Only the lines below from the one that contains "云南龙江大桥立于云海之中(11月11日摄)。新华网发(赵辉 摄)" through the one that contains "The debris of" should appear in your answer, exact and without pictures.

## Records shown
________________________________________

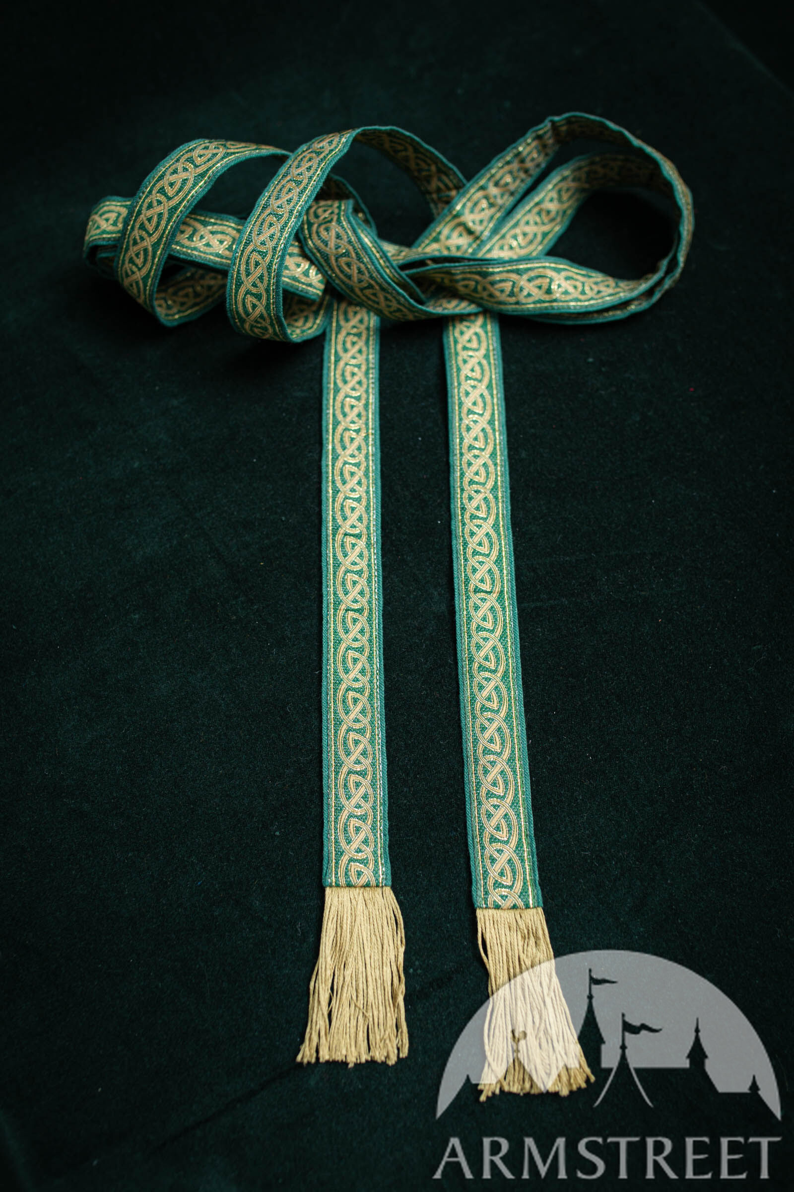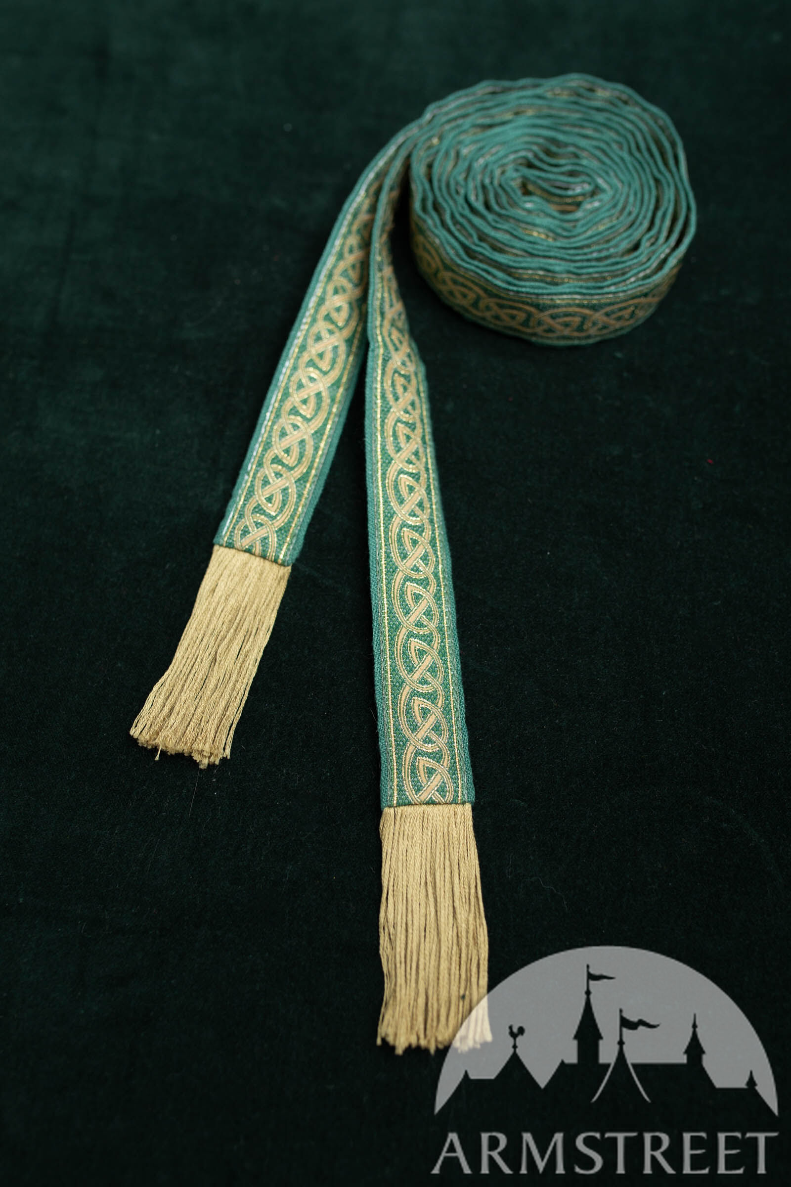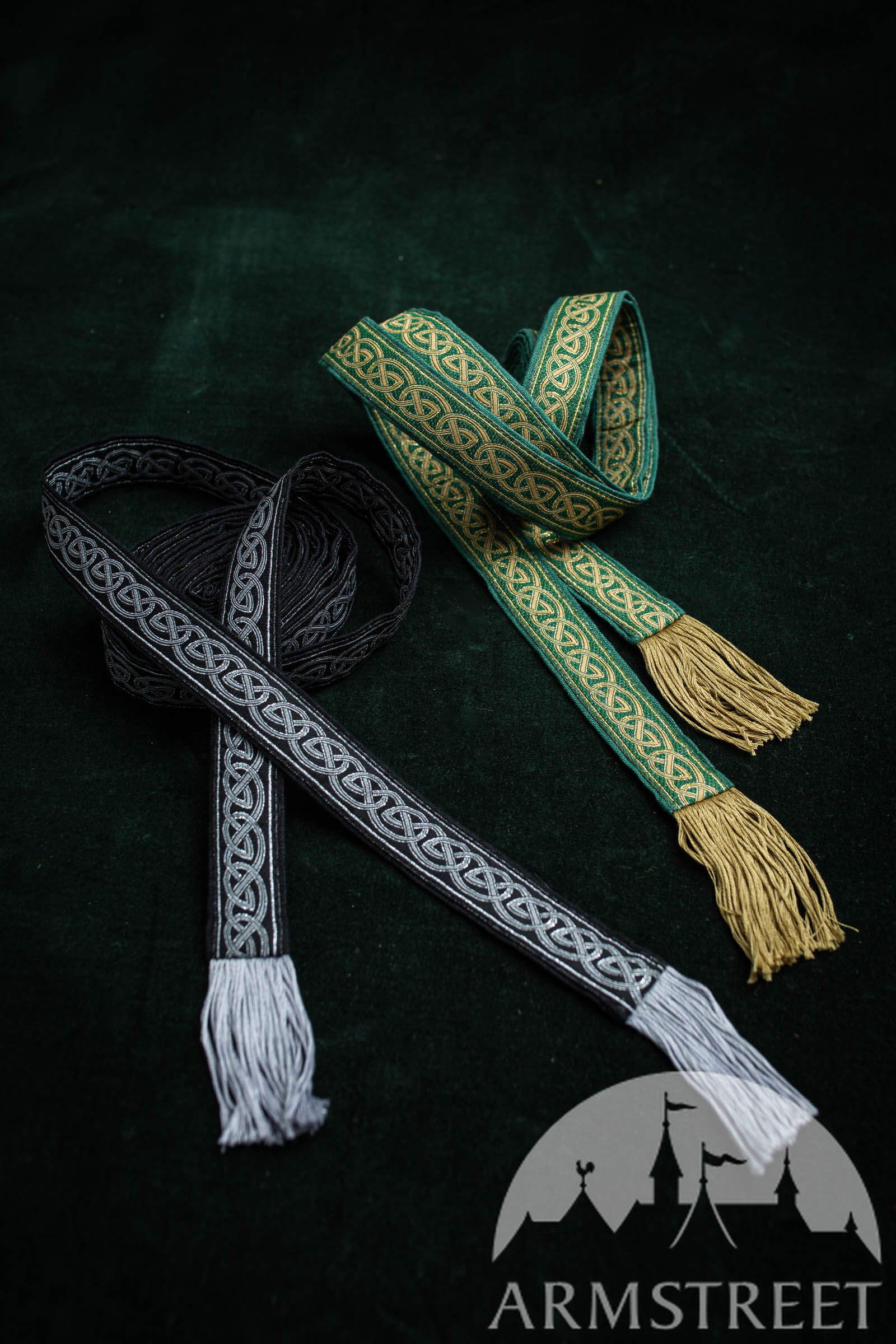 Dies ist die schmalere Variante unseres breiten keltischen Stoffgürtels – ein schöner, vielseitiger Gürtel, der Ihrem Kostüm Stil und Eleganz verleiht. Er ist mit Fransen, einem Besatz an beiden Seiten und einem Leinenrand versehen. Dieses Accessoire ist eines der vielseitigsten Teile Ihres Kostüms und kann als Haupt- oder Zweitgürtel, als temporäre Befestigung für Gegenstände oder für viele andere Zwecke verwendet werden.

________________________________________

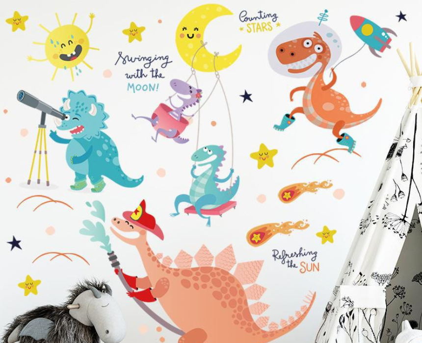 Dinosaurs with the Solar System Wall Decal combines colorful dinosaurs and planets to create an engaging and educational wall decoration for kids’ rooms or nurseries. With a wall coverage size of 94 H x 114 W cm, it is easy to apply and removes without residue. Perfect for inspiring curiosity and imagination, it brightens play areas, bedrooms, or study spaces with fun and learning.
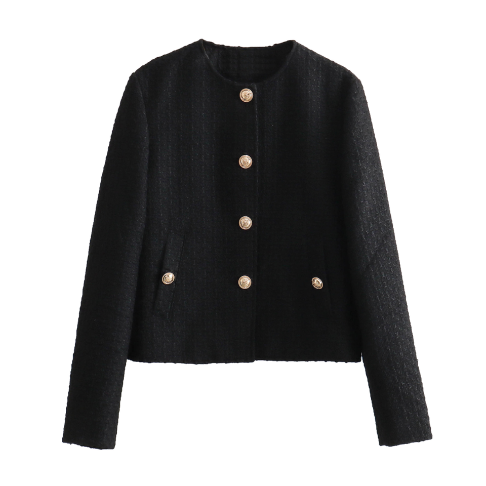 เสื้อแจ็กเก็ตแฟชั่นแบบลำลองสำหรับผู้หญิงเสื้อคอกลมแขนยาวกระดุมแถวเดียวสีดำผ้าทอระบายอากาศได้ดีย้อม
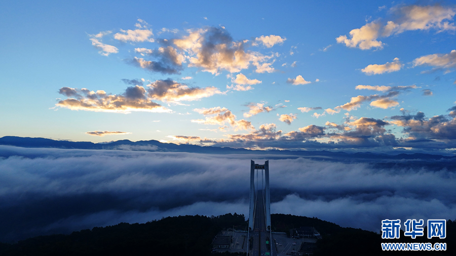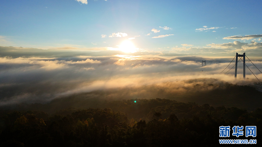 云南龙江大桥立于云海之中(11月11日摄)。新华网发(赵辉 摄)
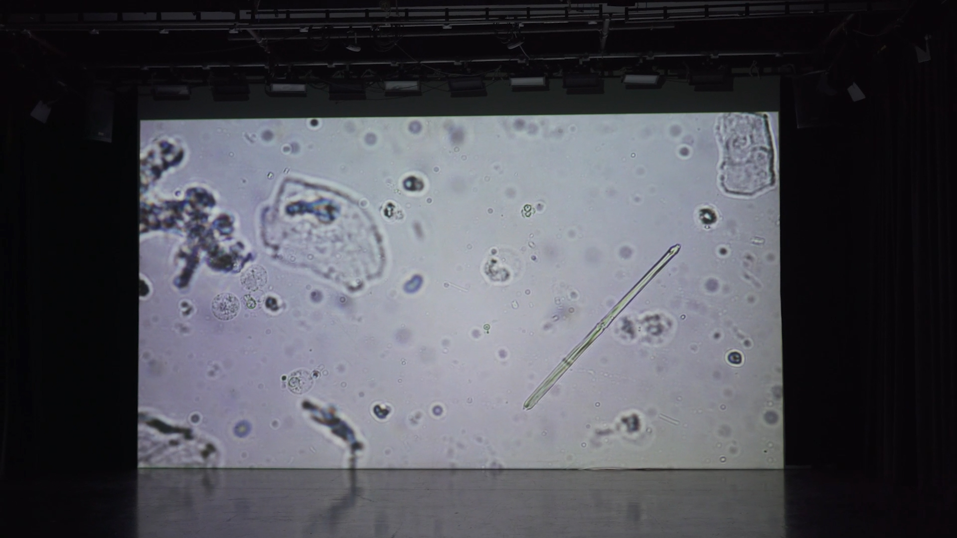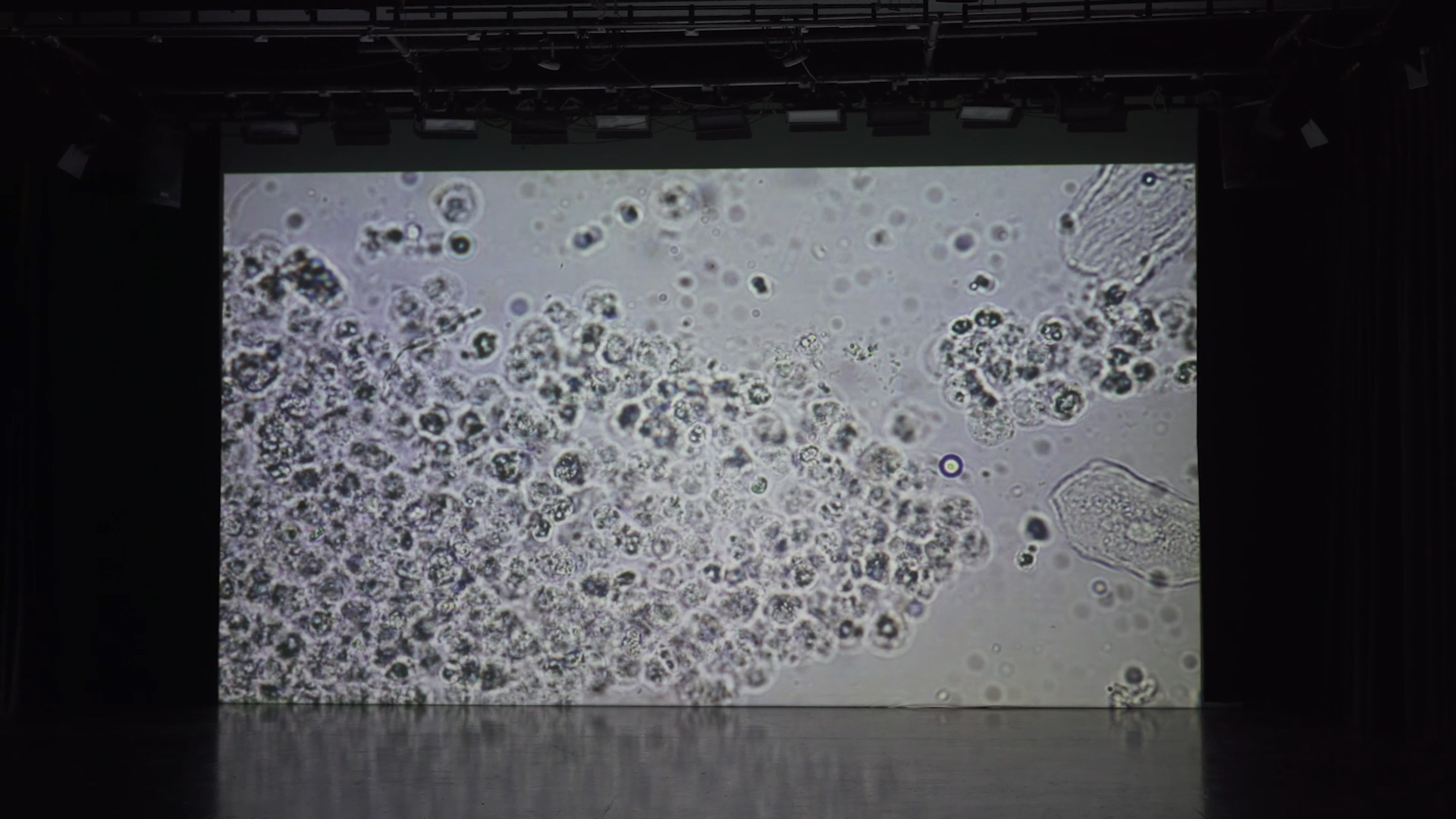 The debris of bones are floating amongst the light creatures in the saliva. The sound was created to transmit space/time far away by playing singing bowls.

________________________________________

## Output below
 云南龙江大桥立于云海之中(11月11日摄)。新华网发(赵辉 摄)
 The debris of bones are floating amongst the light creatures in the saliva. The sound was created to transmit space/time far away by playing singing bowls.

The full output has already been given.